## TASK DIRECTIONS
What's needed is an exact copy of the lines from the one that contains "Family Halloween-i boszorkány" to the end of the data below, leaving the pictures out.

Dataset entries
□ □ □ □ □

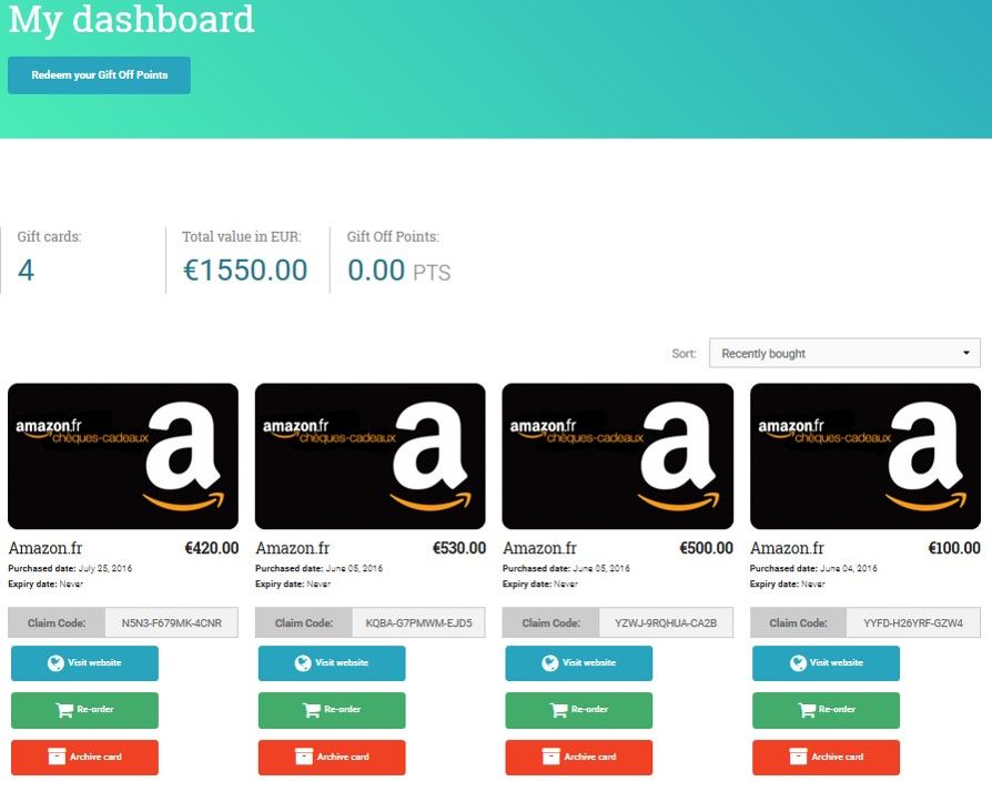 GitfOff allows you to purchase gift cards using a various choice of altcoins (36 different altcoins, I hope Steem dollars will be added soon ) from various online shop and most particularly Amazon gift card.
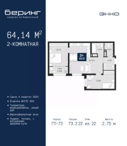2-комн. квартира от застройщика с предчистовой отделкой в ЖК "Беринг" на 22 этаже. Общая площадь: 64.14 кв.м., жилая: 25.61 кв.м., площадь просторной кухни-столовой: 24.94 кв.м. Угловая квартира, окна oбecпeчивaют paвнoмepнoe ocвeщeниe в тeчeниe дня. В квартире одна лоджия, один совмещенный и один раздельный санузел. Высота потолков 2.75 м.
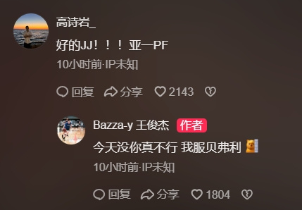 王俊杰则回复说:“今天没你真不行,我服贝弗利!”
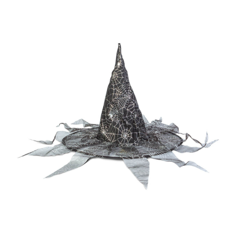 Family Halloween-i boszorkány kalap - fekete, pókhálós - 38 x 32 cm
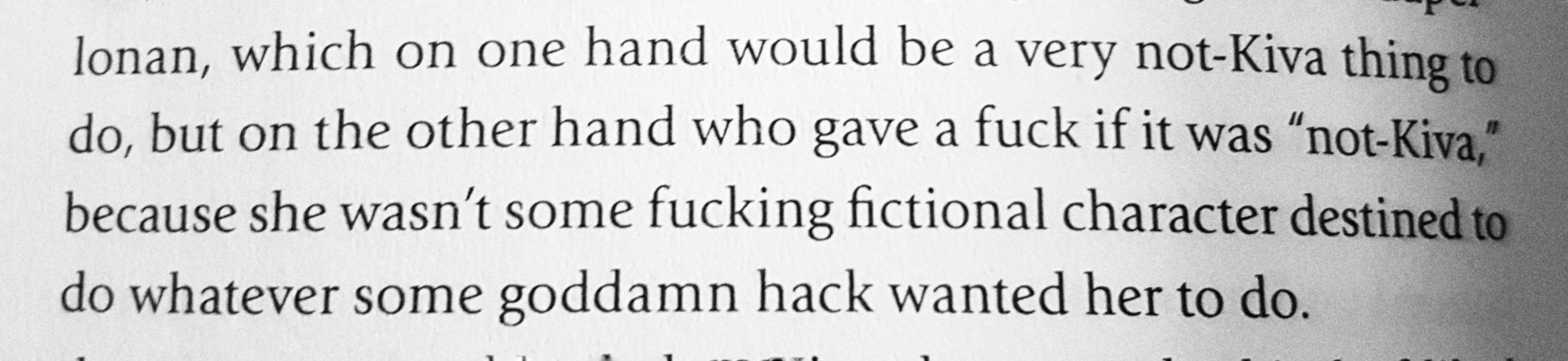 Some deliciously funny writerly meta-snark from John Scalzi’s The Consuming Fire.
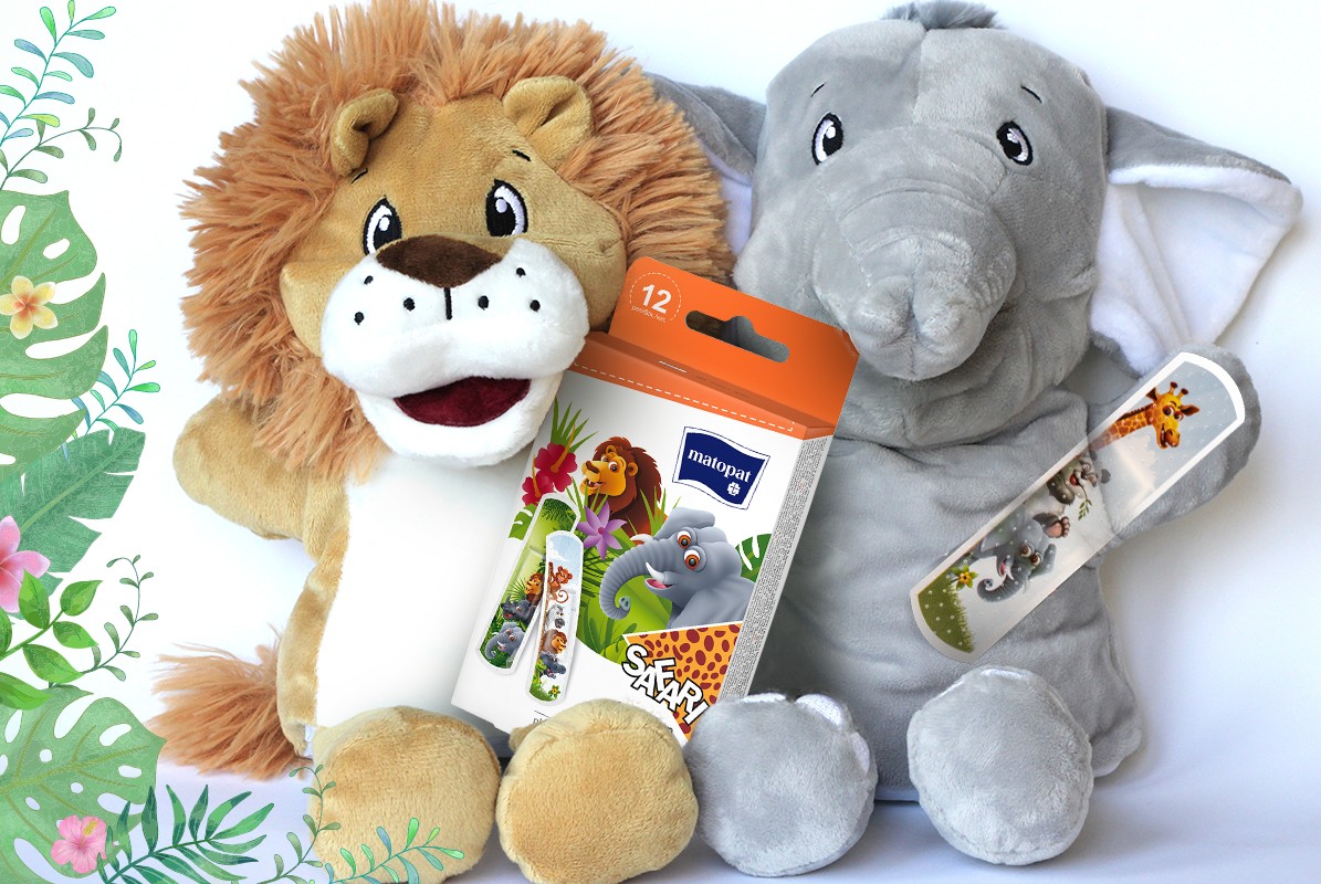 Matopat SAFARI sebtapasz a mikroperforált fólia hátlapon színes állatmotívumokkal. Kisebb sebek, vágások, karcolások és horzsolások védelmére szolgál. Tökéletesen tapad a bőrhöz, megvédve a sebet a környezeti szennyeződésektől.

□ □ □ □ □

## REPLY
 Family Halloween-i boszorkány kalap - fekete, pókhálós - 38 x 32 cm
 Some deliciously funny writerly meta-snark from John Scalzi’s The Consuming Fire.
 Matopat SAFARI sebtapasz a mikroperforált fólia hátlapon színes állatmotívumokkal. Kisebb sebek, vágások, karcolások és horzsolások védelmére szolgál. Tökéletesen tapad a bőrhöz, megvédve a sebet a környezeti szennyeződésektől.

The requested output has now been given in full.